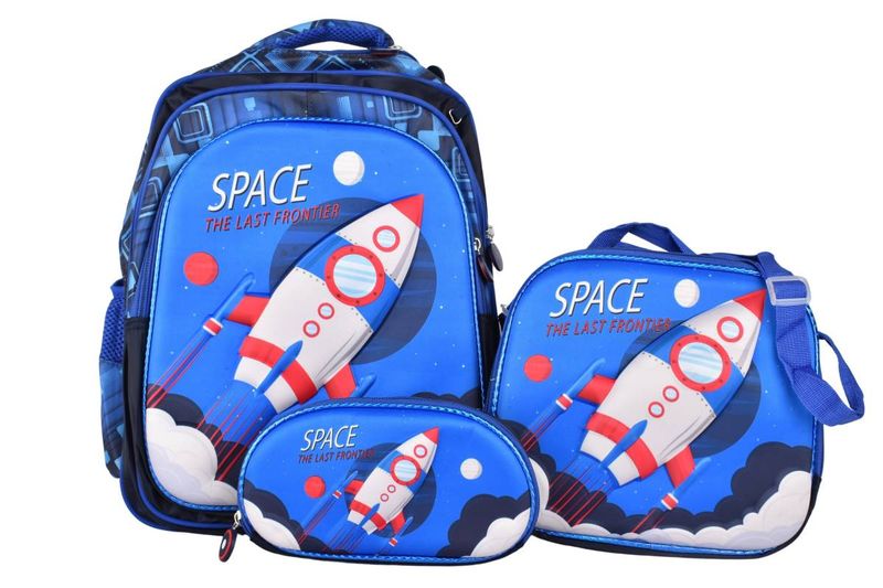 Set escolar infantil de 3 piezas con diseño espacial 3D, ideal para nivel inicial y primaria. Funcional, resistente y coordinado para el uso diario. Pensado para el uso escolar diario, permite transportar útiles, alimentos y accesorios de forma organizada y cómoda, tanto en la escuela como en salidas.
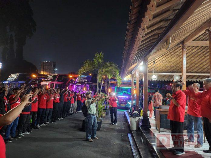 Kabupaten Banyumas – Dalam rangka acara puncak peringatan Bulan Bung Karno tanggal 24 Juni mendatang di stadion Gelora Bung Karno (GBK), DPC PDI Perjuangan Kab. Banyumas melepas 225 personel Satgas Cakrabuana PDI Perjuangan Kab. Banyumas untuk mengikuti pelatihan di Cibubur, yang dilaksanakan di halaman pendapa Wakil Bupati Banyumas, Minggu (18/6/2023).
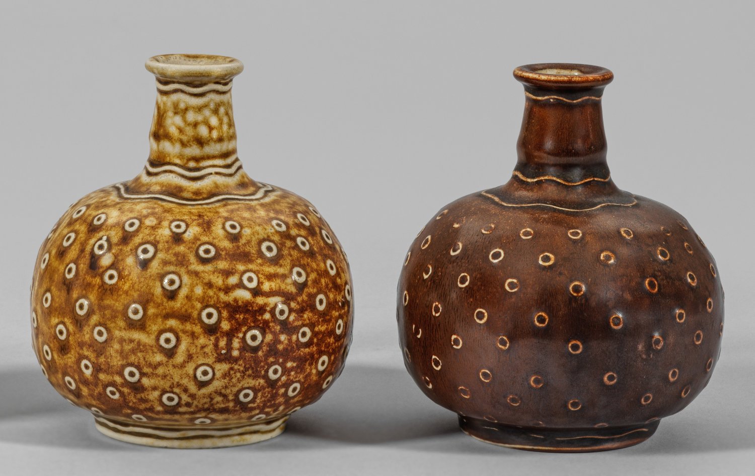 Hellgraues Steinzeug mit hell- und dunkelbrauner, sog. kölnischbrauner Salzglasur. Kürbisform mit kugeligem Korpus, Punkt- und Wellenreliefdekor. Entw. Richard Riemerschmid für seinen Bruder Carl Riemerschmid als Besitzer der Likörfabrik Anton Riemerschmid in München, um 1906-1908; Ausführung Reinhold Merkelbach, Grenzhausen. Pressmarken "Ant. Riemerschmid München.", "-O,5 L". H. 13,5 cm.
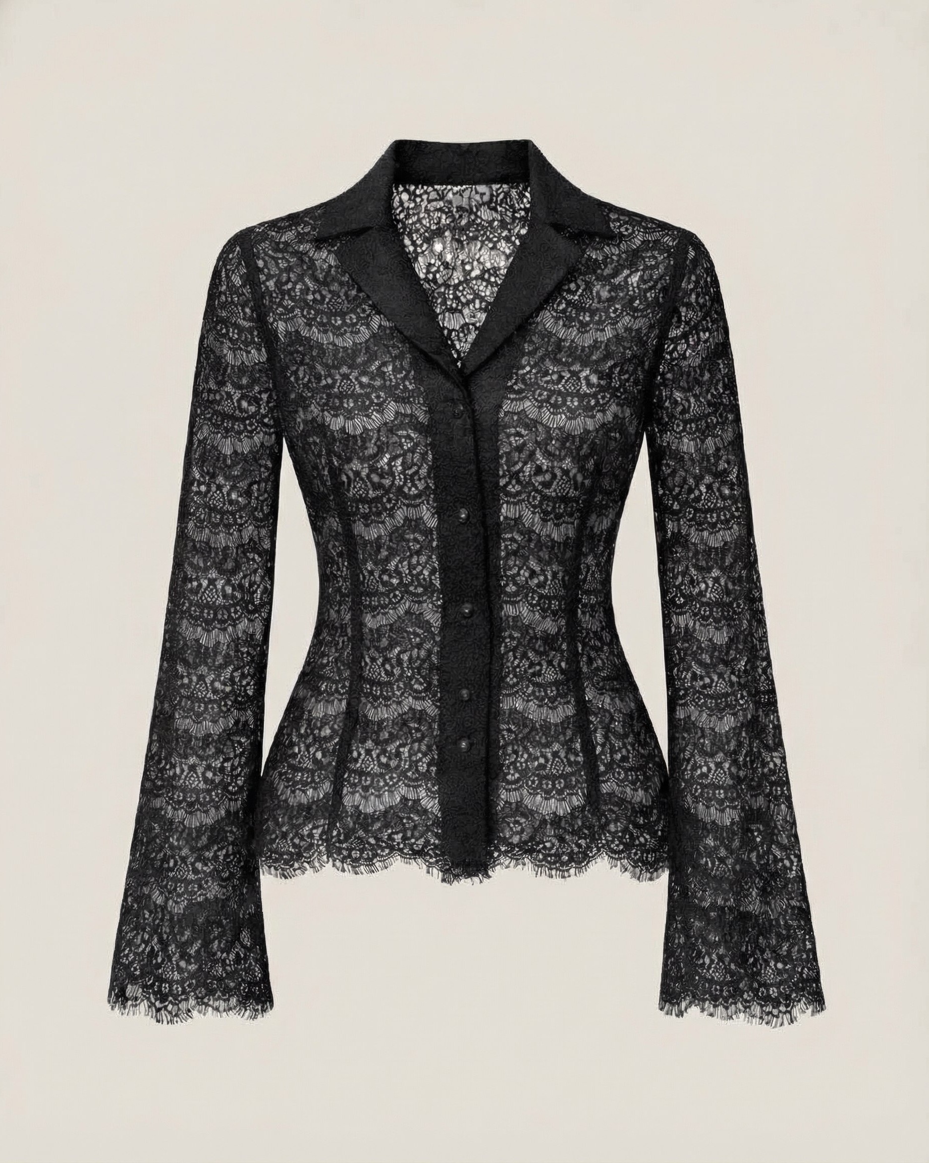 Кружево никогда не выйдет из моды - это женственно и роскошно. Оригинальная блуза выполнена из итальянского кружево высокого качества. Особенность кружева - уникальный рисунок и фигурный край. Блуза имеет приталенный силуэт, отложной воротник и застежку на пуговицы из жемчуга. Рукав блузы расклешенный и слегка удлиненный. Это придает блузе шарм и отлично оформляет зону запястья. Используйте блузу в повседневных и нарядных образах.
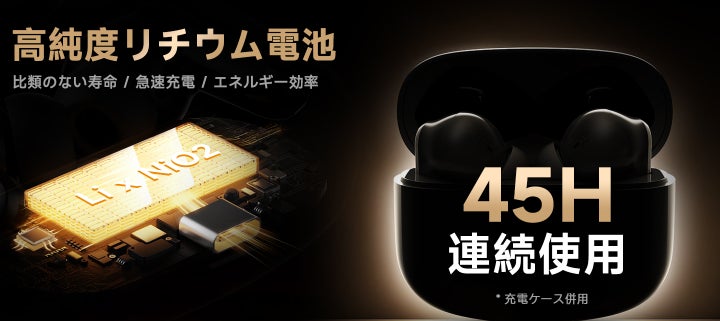 1回の充電で最大5.5時間の連続再生、ケースと併用すれば最大45時間。通勤や旅行などの長時間使用にも対応。さらに、ケースにバッテリー残量表示を搭載しており、充電タイミングが一目でわかります。Type-C急速充電対応で、忙しい日常でも快適に使用可能です。
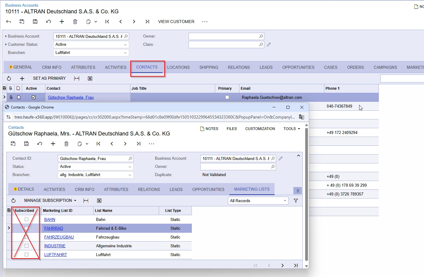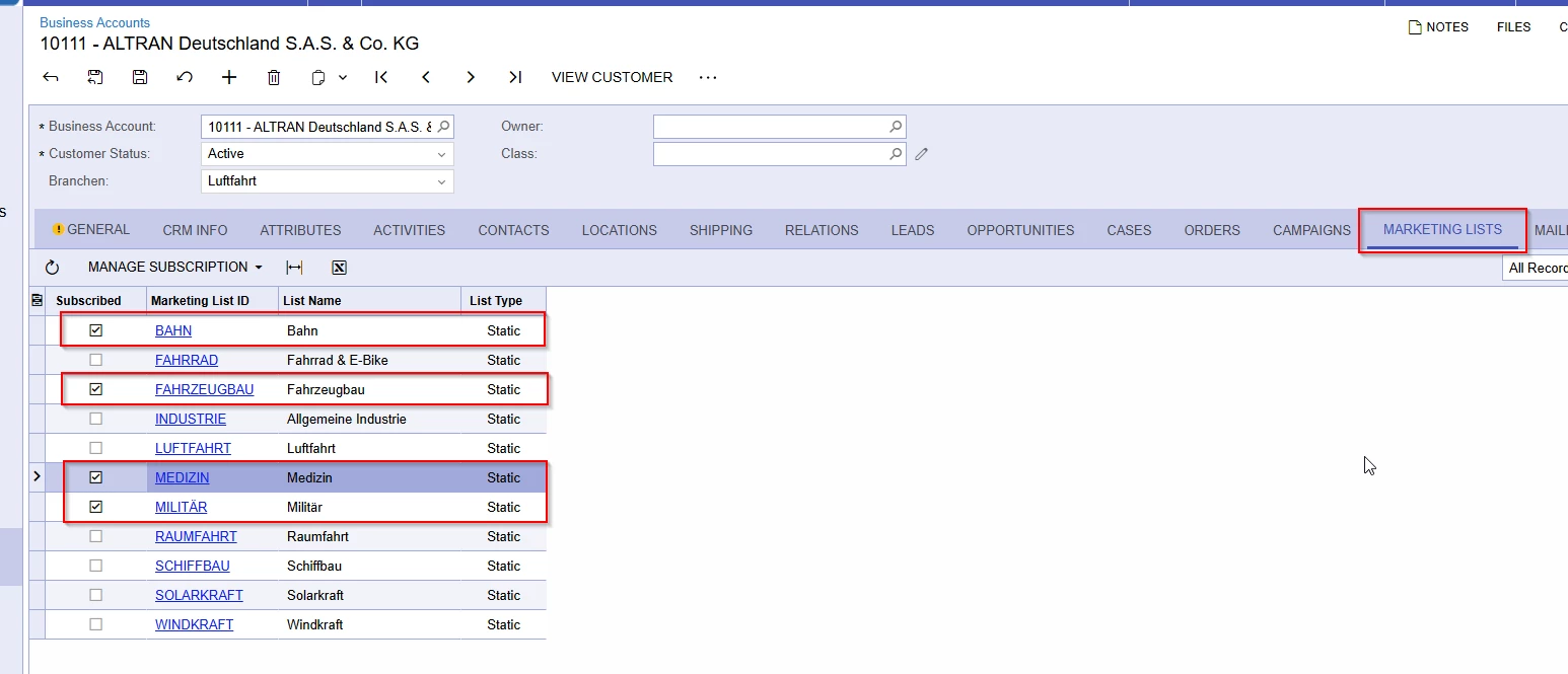 For example we have the following Customer/business account, with the following Marketing-lists checked;
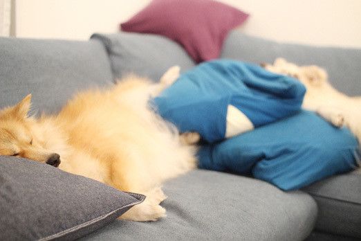 掃除機の音に驚き、先住ハスキーの後ろへ隠れたコーギー子犬。お迎えから9カ月、生後11カ月になった今では、大きい音が苦手な時に駆け寄ったり、兄犬に「一緒に遊ぼう」と誘われたり。3頭の関係の変化を飼い主さんに取材しました。
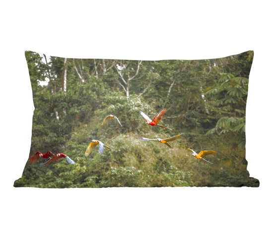 Sierkussen pour la vie forestière à l'intérieur - Perroquets dans la forêt tropicale - 60x40 cm - Coussin rectangulaire en coton
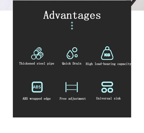 Advantages: fast draining, free adjustment, ABS wrapped edge, thickened steel pipe, strong load-bearing capacity, sink universal, easy to clean, multi-functional use
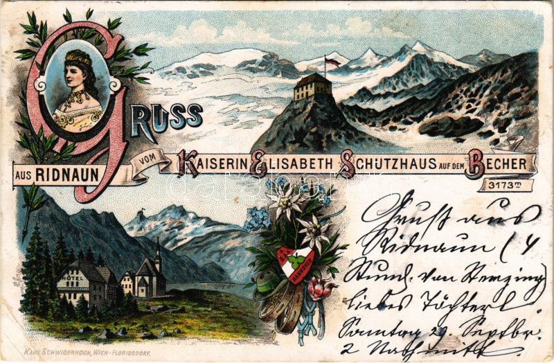 1905 Ridanna, Ridnaun (Südtirol); Gruss vom Kaiserin Elisabeth Schutzhaus af dem Becher / Rifugio Gino Biasi / mountain rest house. Karl Schwidernoch Art Nouveau, floral, litho (EB)
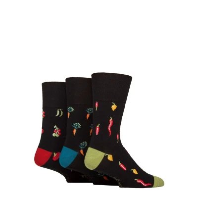 Mens 3 Pair Gentle Grip RHS Royal Horticultural Society Patterned Cotton Socks Vegetables 6 11
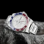 This model features a meteorite dial and a two-colour Cerachrom bezel insert in red and blue ceramic. Designed to show the time in two different time zones simultaneously during intercontinental flights, the GMT-Master II has come to be recognized for its robustness and versatile appearance.

__Exercise brief__. From the first line of the records through the line with "Kabupaten Banyumas –", reproduce each line exactly and leave the pictures out.

__Response box__.
 Set escolar infantil de 3 piezas con diseño espacial 3D, ideal para nivel inicial y primaria. Funcional, resistente y coordinado para el uso diario. Pensado para el uso escolar diario, permite transportar útiles, alimentos y accesorios de forma organizada y cómoda, tanto en la escuela como en salidas.
 Kabupaten Banyumas – Dalam rangka acara puncak peringatan Bulan Bung Karno tanggal 24 Juni mendatang di stadion Gelora Bung Karno (GBK), DPC PDI Perjuangan Kab. Banyumas melepas 225 personel Satgas Cakrabuana PDI Perjuangan Kab. Banyumas untuk mengikuti pelatihan di Cibubur, yang dilaksanakan di halaman pendapa Wakil Bupati Banyumas, Minggu (18/6/2023).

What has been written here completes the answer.